▶ Exercise inputs:

*** Block opens ***

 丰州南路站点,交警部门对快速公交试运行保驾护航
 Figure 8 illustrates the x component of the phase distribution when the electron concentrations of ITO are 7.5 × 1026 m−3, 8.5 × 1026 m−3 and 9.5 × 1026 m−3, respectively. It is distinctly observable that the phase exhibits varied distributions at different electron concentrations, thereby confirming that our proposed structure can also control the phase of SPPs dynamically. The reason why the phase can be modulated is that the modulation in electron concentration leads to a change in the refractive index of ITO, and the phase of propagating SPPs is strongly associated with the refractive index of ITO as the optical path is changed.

*** Block closes ***
*** Block opens ***

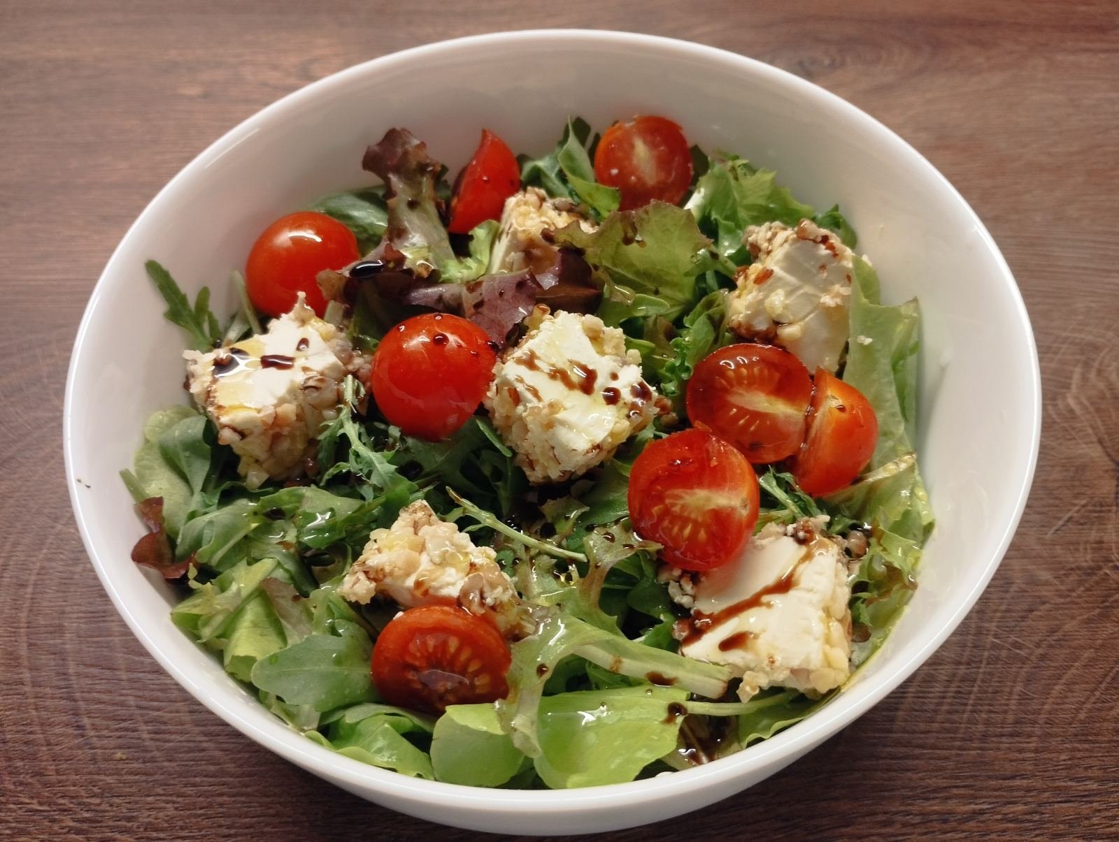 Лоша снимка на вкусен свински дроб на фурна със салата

*** Block closes ***
*** Block opens ***

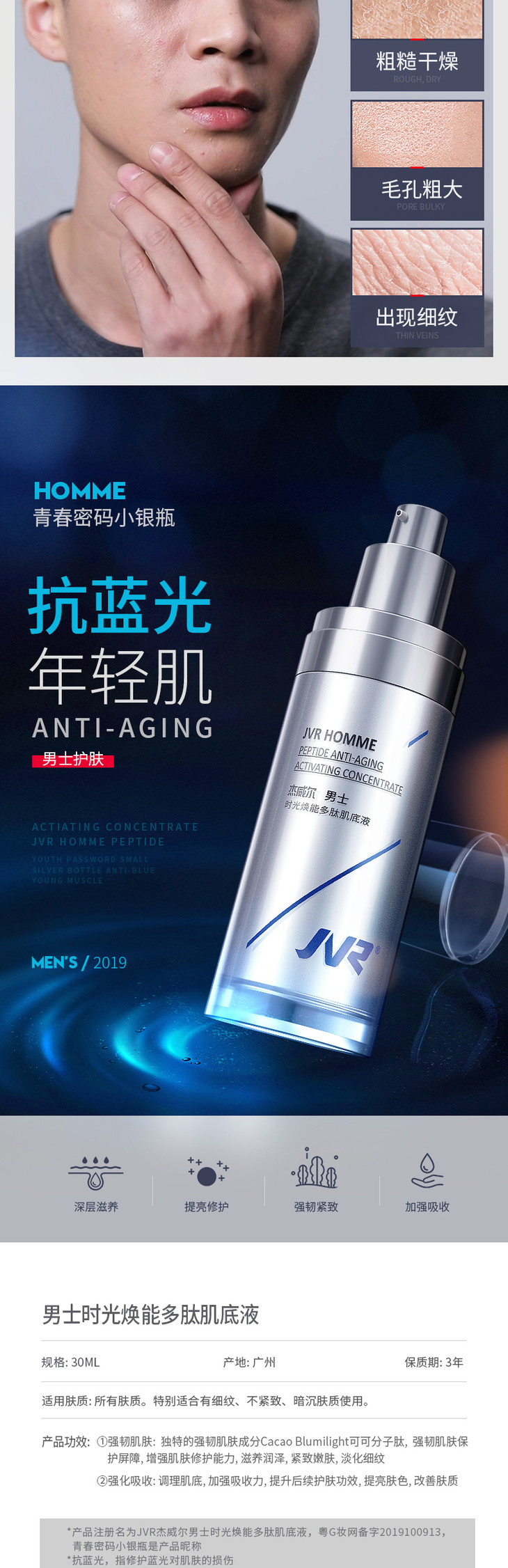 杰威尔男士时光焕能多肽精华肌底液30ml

*** Block closes ***

▶ Action item:
Only the lines above from the line with "丰州南路站点,交警部门对快速公交试运行保驾护航" to the line with "Figure 8 illustrates", those two lines included, should be reproduced exactly.

▶ Solution to the problem:
 丰州南路站点,交警部门对快速公交试运行保驾护航
 Figure 8 illustrates the x component of the phase distribution when the electron concentrations of ITO are 7.5 × 1026 m−3, 8.5 × 1026 m−3 and 9.5 × 1026 m−3, respectively. It is distinctly observable that the phase exhibits varied distributions at different electron concentrations, thereby confirming that our proposed structure can also control the phase of SPPs dynamically. The reason why the phase can be modulated is that the modulation in electron concentration leads to a change in the refractive index of ITO, and the phase of propagating SPPs is strongly associated with the refractive index of ITO as the optical path is changed.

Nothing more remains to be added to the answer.